The data Start Marker
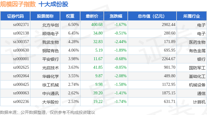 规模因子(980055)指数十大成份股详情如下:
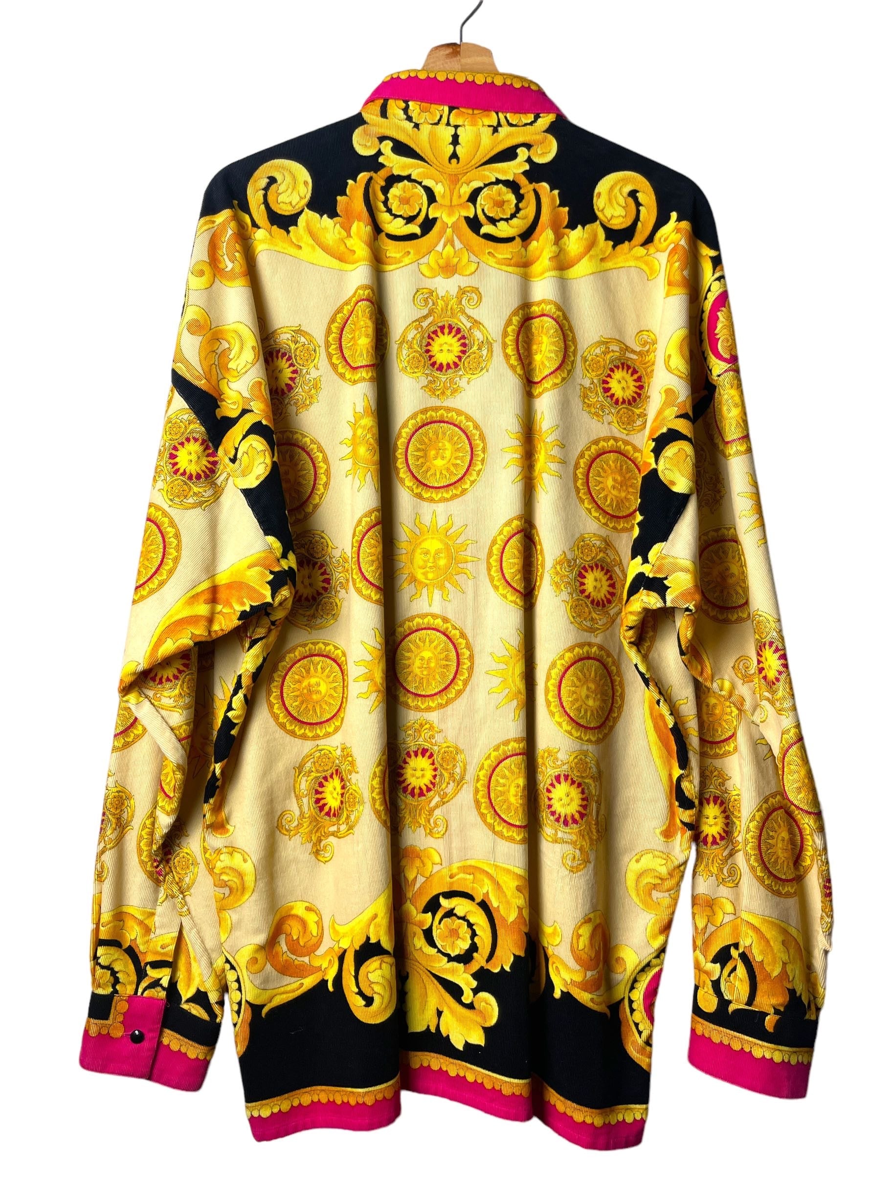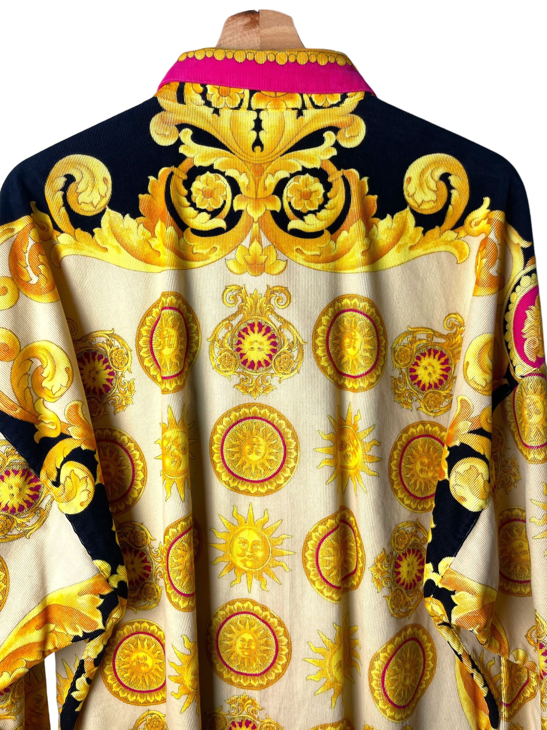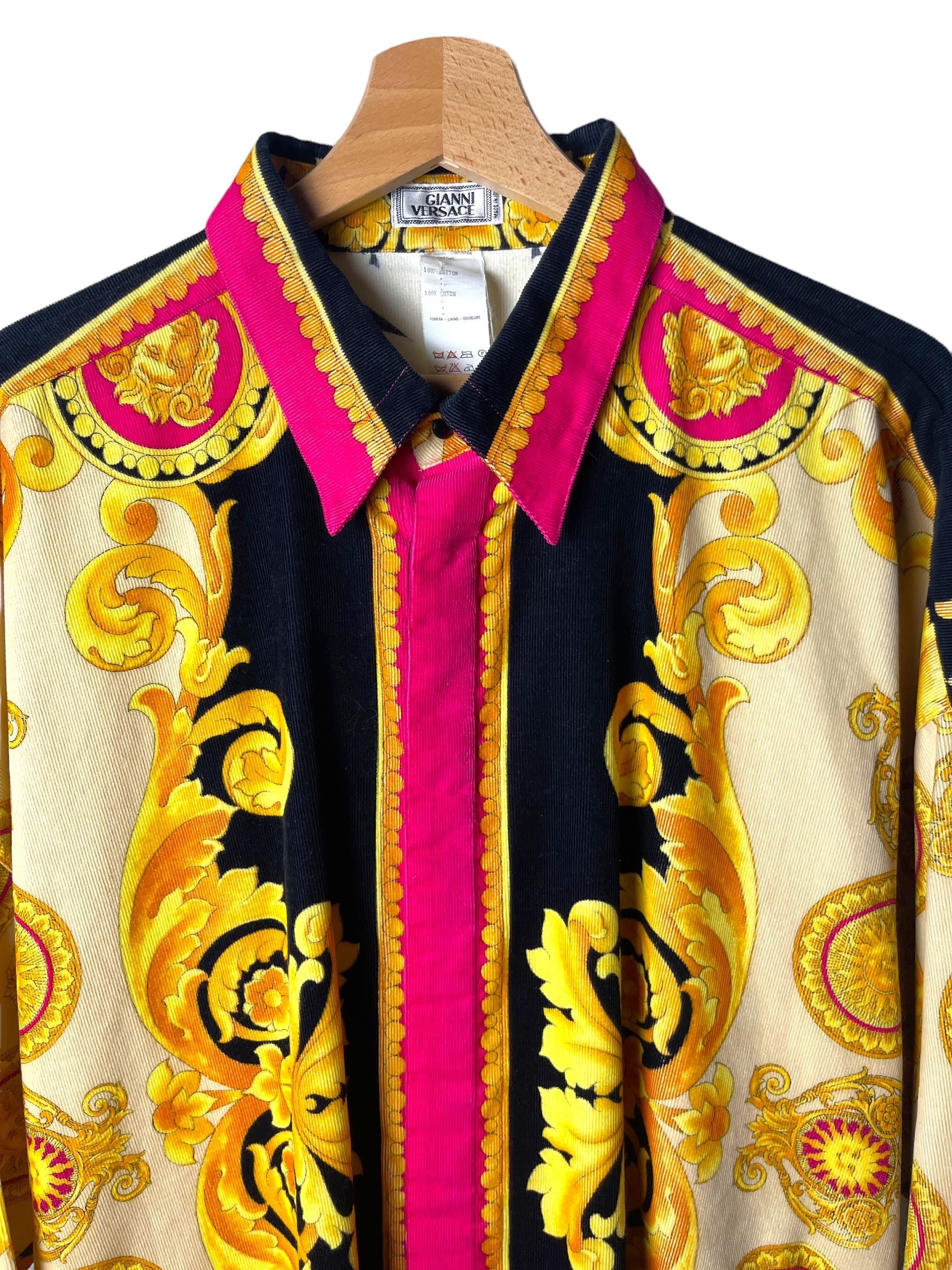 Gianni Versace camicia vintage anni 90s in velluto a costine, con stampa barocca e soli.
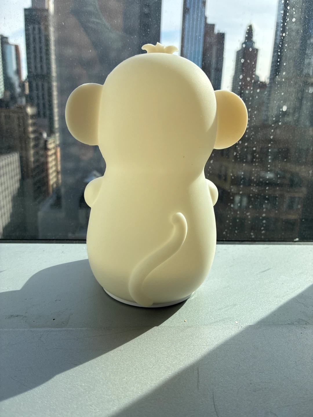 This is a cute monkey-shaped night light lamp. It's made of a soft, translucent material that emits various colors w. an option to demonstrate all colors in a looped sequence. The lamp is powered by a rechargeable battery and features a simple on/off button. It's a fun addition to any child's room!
The data End Marker
> **Activity**: Output all the material verbatim, skipping every image.

> **Solution for this exercise**:
 规模因子(980055)指数十大成份股详情如下:
 Gianni Versace camicia vintage anni 90s in velluto a costine, con stampa barocca e soli.
 This is a cute monkey-shaped night light lamp. It's made of a soft, translucent material that emits various colors w. an option to demonstrate all colors in a looped sequence. The lamp is powered by a rechargeable battery and features a simple on/off button. It's a fun addition to any child's room!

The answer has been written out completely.